Copy out the data word for word, without any of its pictures.

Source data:

====================

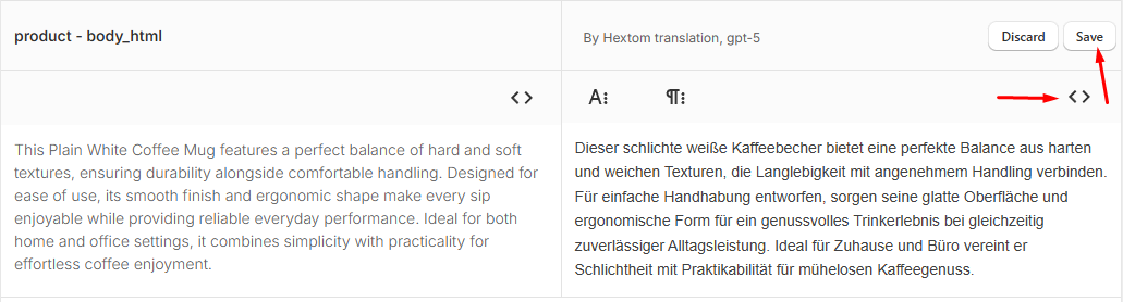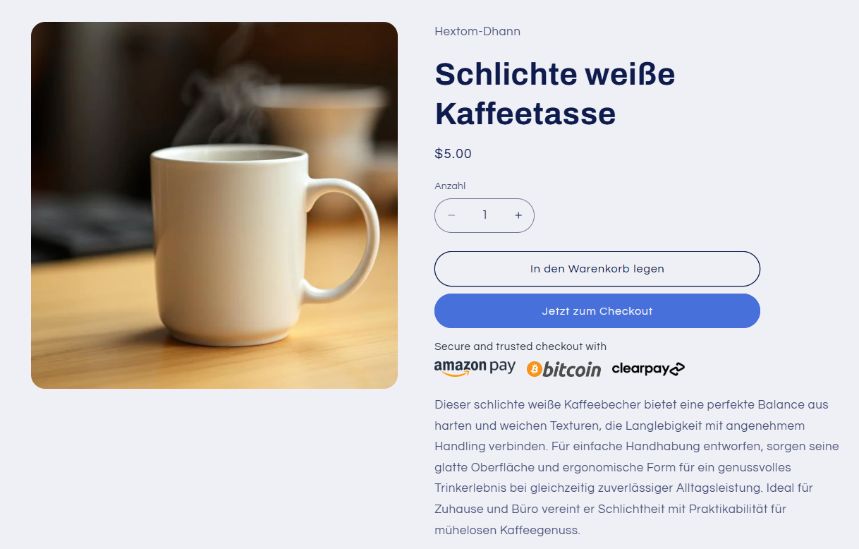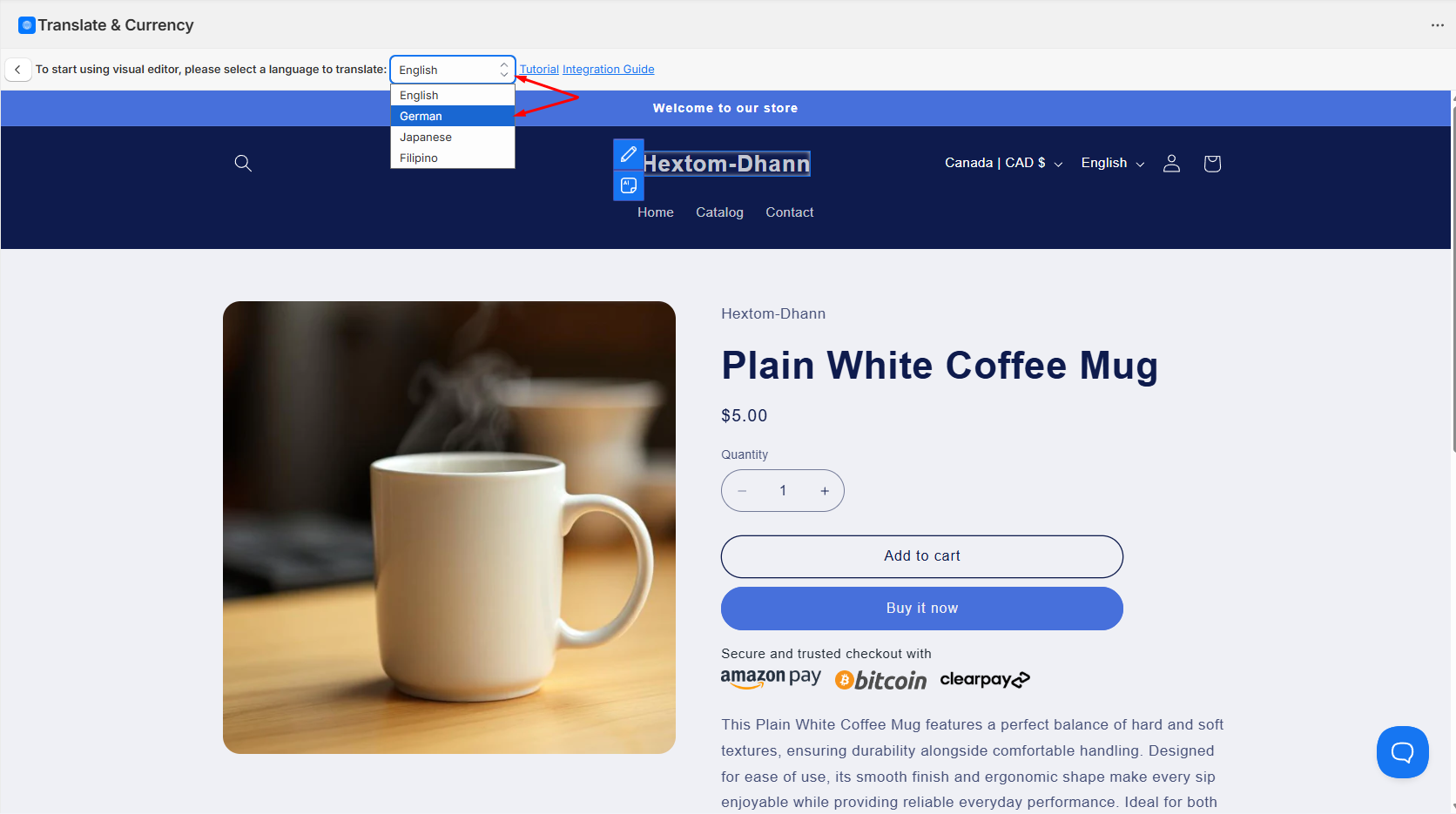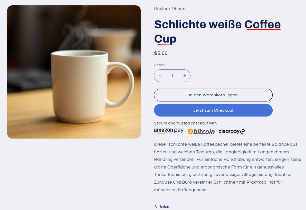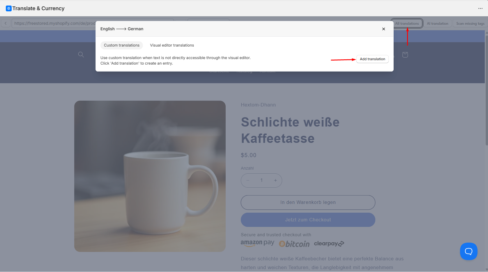 However, shortly after the store finishes loading, this is replaced by the translation in the image below. The replaced words are the following: Kaffeetasse to Coffee Cup
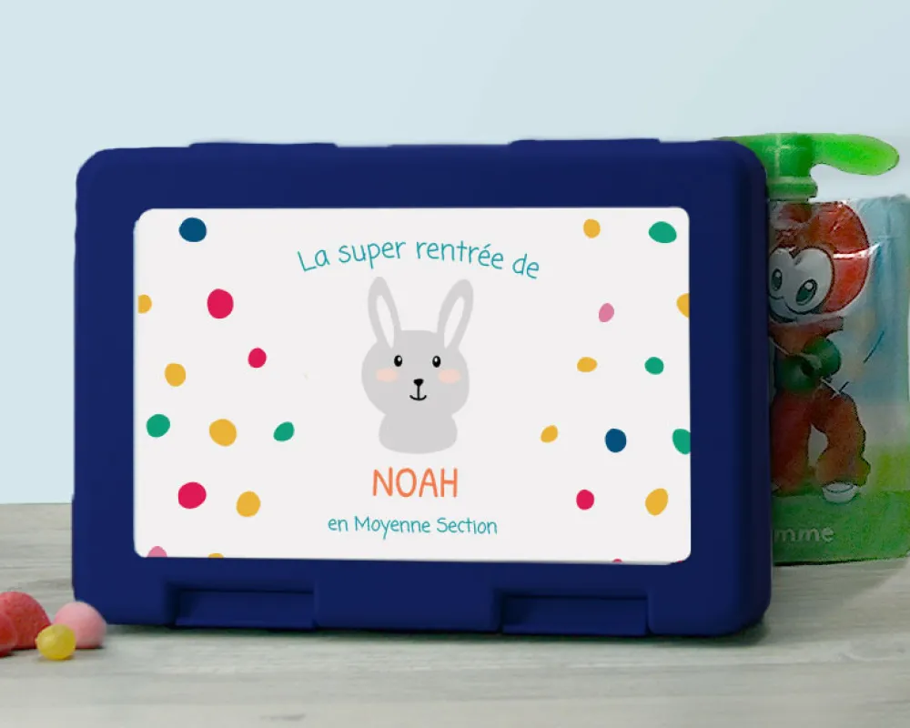 Le choix des couleurs vous garantit de coller aux mieux aux goûts de votre enfant, que cela soit une fille ou un garçon ! Il ou elle pourra choisir l’animal emblème pour le design. Pour la personnaliser, vous pourrez y inscrire bien sûr le prénom de votre enfant, mais aussi un petit message, le nom de sa classe ou signaler une allergie par exemple ! Les possibilités sont multiples, à vous de faire votre choix pour créer la boite à goûter de ses rêves à votre enfant.
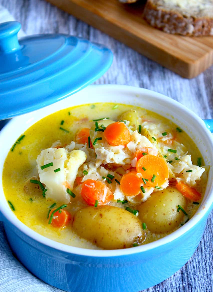 Ik had zin in een stoofgerecht maar niet zo’n zin in vlees. Ik besloot daarom eens een stoofgerecht te maken met vis, weer eens wat anders! Het fijne daaraan is dat het veel sneller klaar is. De vis is binnen 5 minuten namelijk al heerlijk zacht en gaar. Combineer dat met wat verschillende groente, krieltjes en smaakmakers als ui en knoflook en je hebt zowaar een simpele maar oh zo heerlijke visstoof op tafel. Ultiem comfort food wat mij betreft.
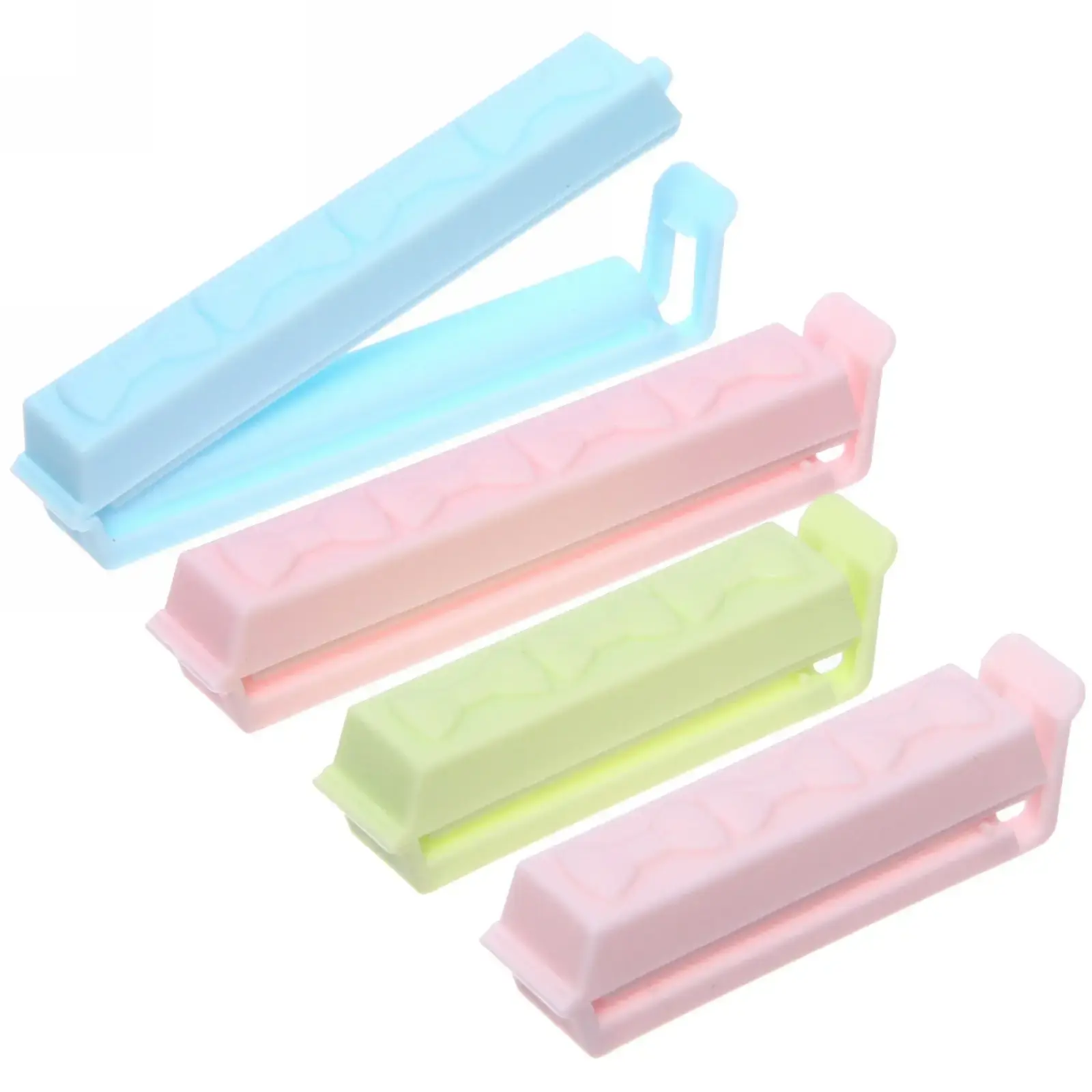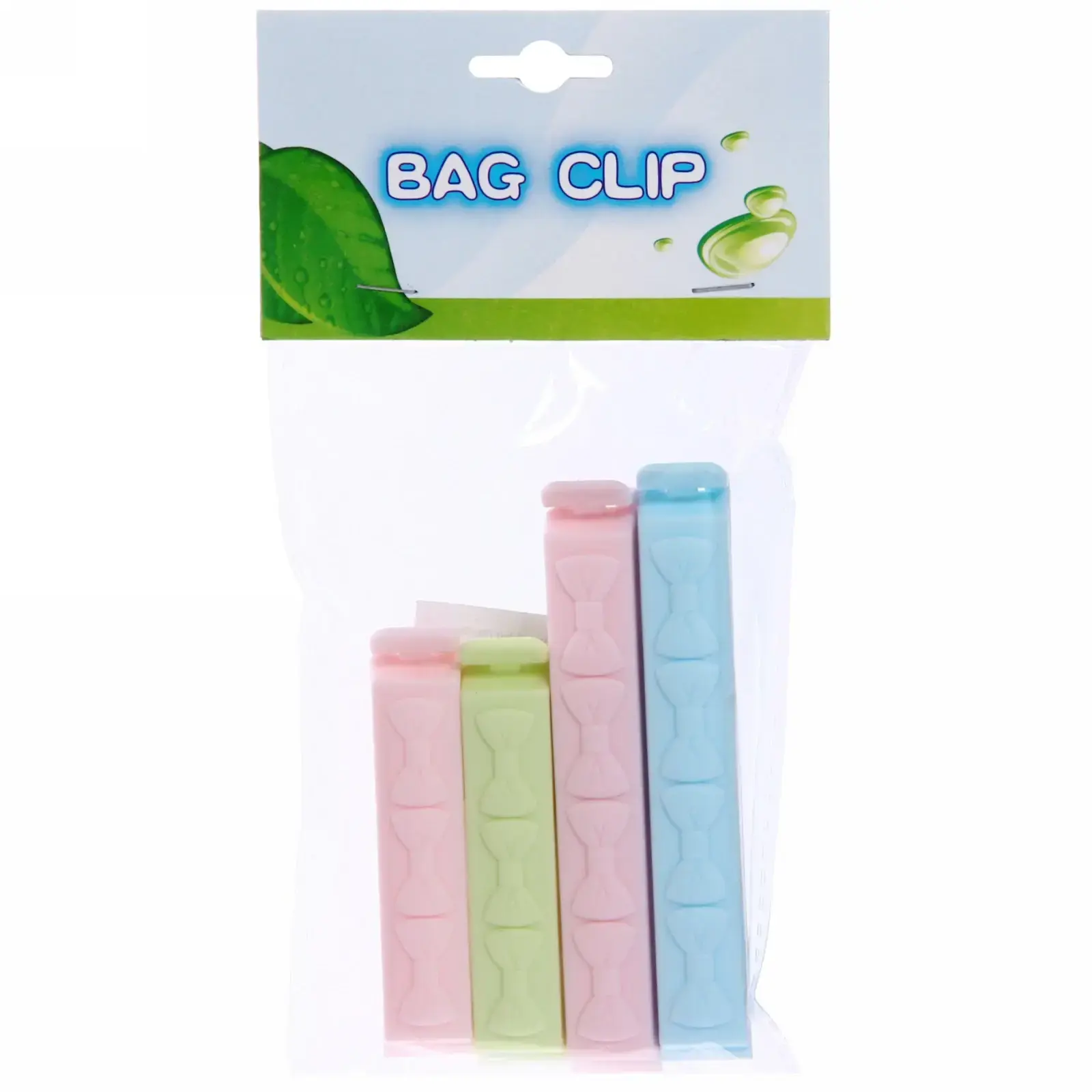 Зажимы идеально подходят для использования с бумажными и полиэтиленовыми пакетами. Они легко захватываются и обеспечивают надежное закрытие, что позволяет избежать потери свежести продуктов. Каждый зажим имеет рельефный узор в виде бантиков, что делает их не только функциональными, но и стильными. В комплект входят четыре зажима разных цветов: голубой, розовый, зеленый и светло-розовый, что добавляет яркости в вашу кухню.
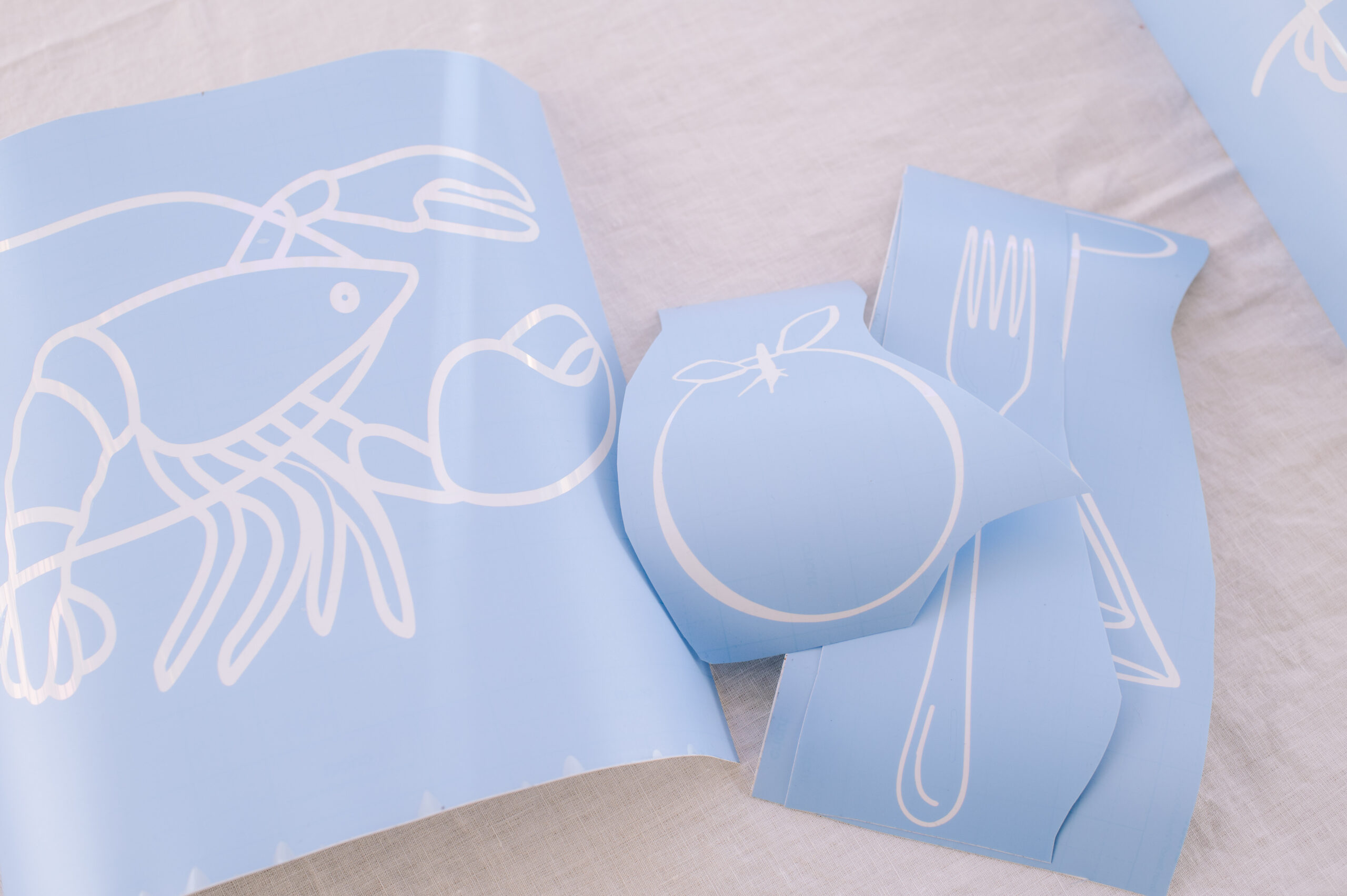 I really wanted to give a seaside Italian holiday vibe with a touch of playfulness, so I decided to make the personalised tablecloth the centre for the design. I’ve also been wanting to make wavy napkins for a long time using my cricut, so I decided this was the perfect time. To top it off, I decided to use my favourite etching cream hack to personalise some glassware. To create the look, I made my design using the Design Space app, customising the colours and getting the look just right. I used the font Didot for the lettering, and simply picked images and shapes from the Design Space library to create the other items. You can access my design here.
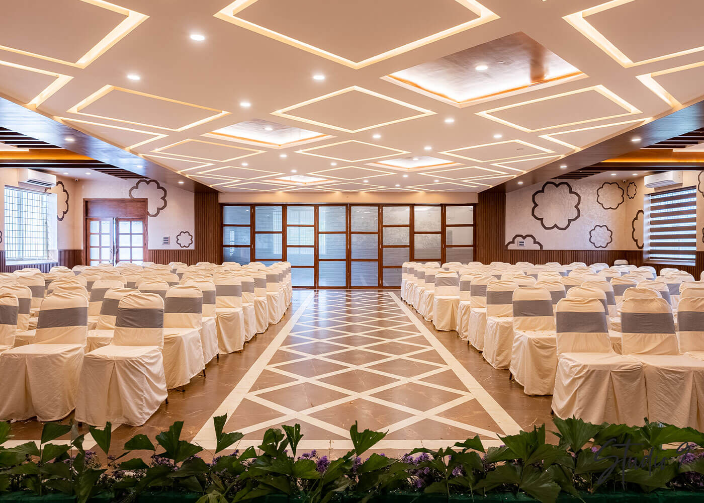 The ARADHYA GRAND , Kolar restaurant masterfully blends traditional Indian aesthetics with modern functionality. The reception area welcomes with warm tiled flooring, exposed wooden beams, and a blend of classic wood and modern white at the desk, bathed in natural light.
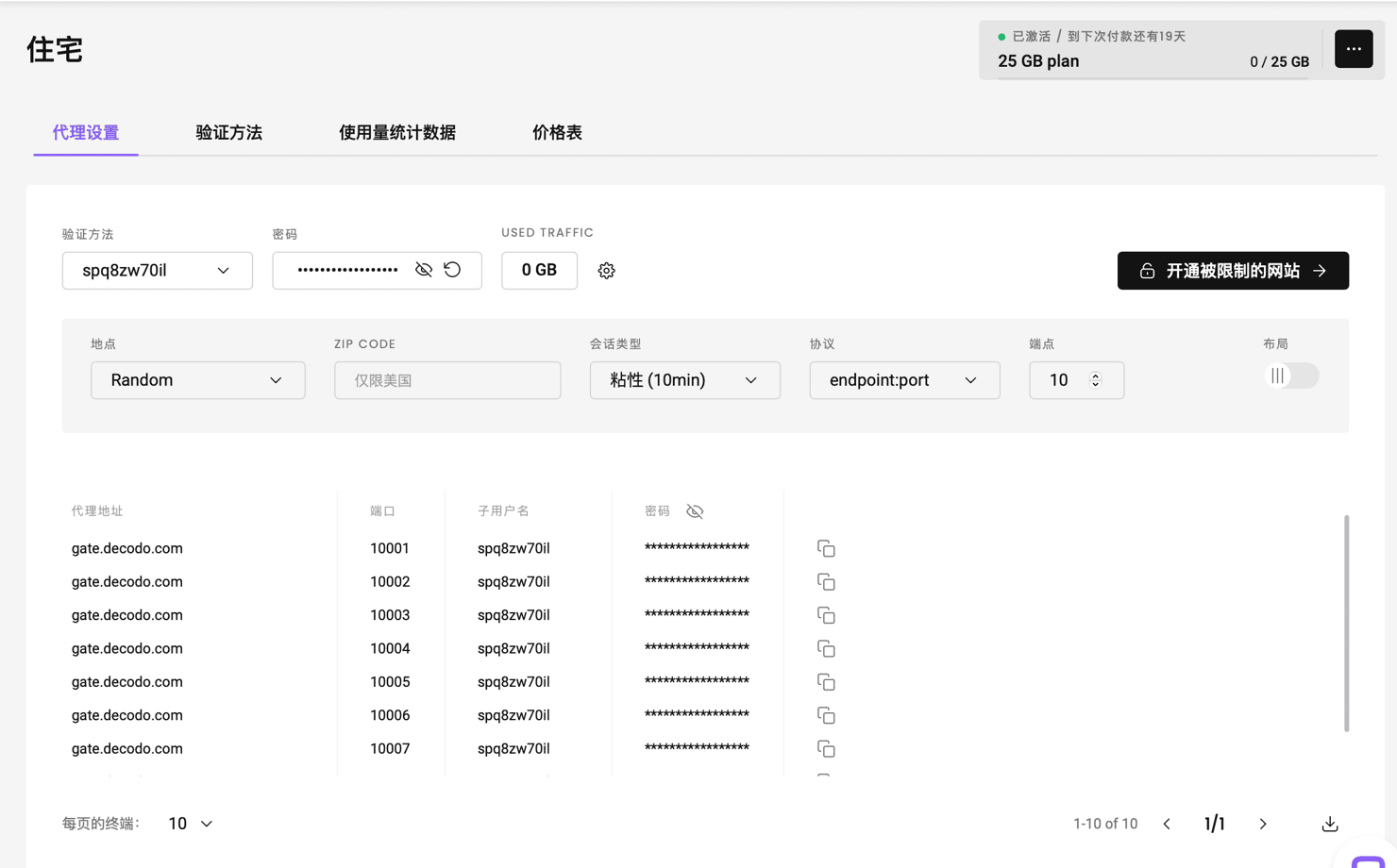 您可以使用域:端口格式访问 Decodo 代理,有两种验证方法:
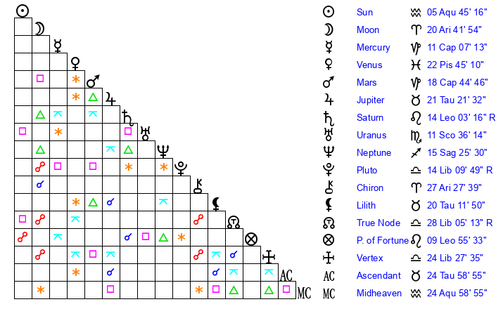 | Sun | 5 Aquarius 45 | 6 Aquarius 6 | 24 Pisces 7 |
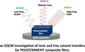 Abstract: Binder-free electrodes are critical for advancing supercapacitor performance. Here, we explore the development of multi-wall carbon nanotubes (MWCNTs) electrodes for supercapacitors by replacing conventional non-conductive polymer binders, such as poly(vinylidene fluoride-co-hexafluoropropylene) (PVDF-HFP), with a conductive polymer, poly(3,4-ethylenedioxythiophene) (PEDOT). PEDOT/MWCNT composite films were synthesized and characterized in an aqueous medium using an electrochemical quartz crystal microbalance (EQCM) and an advanced ac-electrogravimetric technique to investigate their charge storage mechanisms and ionic transfer kinetics. Compared to MWCNTs/PVDF-HFP and pure PEDOT films, the PEDOT/MWCNT composite demonstrates enhanced electrochemical performance, with improved ion concentration and reduced interfacial resistance. The EQCM analysis reveals distinct mass transfer behaviors, highlighting the role of anions, cations, and free water molecules at the interface of electrodes. Ac-electrogravimetry investigation further identifies the kinetics of ion transfer and the relative concentration of each species, showing that the composite film facilitates efficient charge storage. This work provides a new insight into understanding the interfacial behavior of binder-free PEDOT/MWCNT electrode.

====================

Solution to this exercise:
 However, shortly after the store finishes loading, this is replaced by the translation in the image below. The replaced words are the following: Kaffeetasse to Coffee Cup
 Le choix des couleurs vous garantit de coller aux mieux aux goûts de votre enfant, que cela soit une fille ou un garçon ! Il ou elle pourra choisir l’animal emblème pour le design. Pour la personnaliser, vous pourrez y inscrire bien sûr le prénom de votre enfant, mais aussi un petit message, le nom de sa classe ou signaler une allergie par exemple ! Les possibilités sont multiples, à vous de faire votre choix pour créer la boite à goûter de ses rêves à votre enfant.
 Ik had zin in een stoofgerecht maar niet zo’n zin in vlees. Ik besloot daarom eens een stoofgerecht te maken met vis, weer eens wat anders! Het fijne daaraan is dat het veel sneller klaar is. De vis is binnen 5 minuten namelijk al heerlijk zacht en gaar. Combineer dat met wat verschillende groente, krieltjes en smaakmakers als ui en knoflook en je hebt zowaar een simpele maar oh zo heerlijke visstoof op tafel. Ultiem comfort food wat mij betreft.
 Зажимы идеально подходят для использования с бумажными и полиэтиленовыми пакетами. Они легко захватываются и обеспечивают надежное закрытие, что позволяет избежать потери свежести продуктов. Каждый зажим имеет рельефный узор в виде бантиков, что делает их не только функциональными, но и стильными. В комплект входят четыре зажима разных цветов: голубой, розовый, зеленый и светло-розовый, что добавляет яркости в вашу кухню.
 I really wanted to give a seaside Italian holiday vibe with a touch of playfulness, so I decided to make the personalised tablecloth the centre for the design. I’ve also been wanting to make wavy napkins for a long time using my cricut, so I decided this was the perfect time. To top it off, I decided to use my favourite etching cream hack to personalise some glassware. To create the look, I made my design using the Design Space app, customising the colours and getting the look just right. I used the font Didot for the lettering, and simply picked images and shapes from the Design Space library to create the other items. You can access my design here.
 The ARADHYA GRAND , Kolar restaurant masterfully blends traditional Indian aesthetics with modern functionality. The reception area welcomes with warm tiled flooring, exposed wooden beams, and a blend of classic wood and modern white at the desk, bathed in natural light.
 您可以使用域:端口格式访问 Decodo 代理,有两种验证方法:
 | Sun | 5 Aquarius 45 | 6 Aquarius 6 | 24 Pisces 7 |
 Abstract: Binder-free electrodes are critical for advancing supercapacitor performance. Here, we explore the development of multi-wall carbon nanotubes (MWCNTs) electrodes for supercapacitors by replacing conventional non-conductive polymer binders, such as poly(vinylidene fluoride-co-hexafluoropropylene) (PVDF-HFP), with a conductive polymer, poly(3,4-ethylenedioxythiophene) (PEDOT). PEDOT/MWCNT composite films were synthesized and characterized in an aqueous medium using an electrochemical quartz crystal microbalance (EQCM) and an advanced ac-electrogravimetric technique to investigate their charge storage mechanisms and ionic transfer kinetics. Compared to MWCNTs/PVDF-HFP and pure PEDOT films, the PEDOT/MWCNT composite demonstrates enhanced electrochemical performance, with improved ion concentration and reduced interfacial resistance. The EQCM analysis reveals distinct mass transfer behaviors, highlighting the role of anions, cations, and free water molecules at the interface of electrodes. Ac-electrogravimetry investigation further identifies the kinetics of ion transfer and the relative concentration of each species, showing that the composite film facilitates efficient charge storage. This work provides a new insight into understanding the interfacial behavior of binder-free PEDOT/MWCNT electrode.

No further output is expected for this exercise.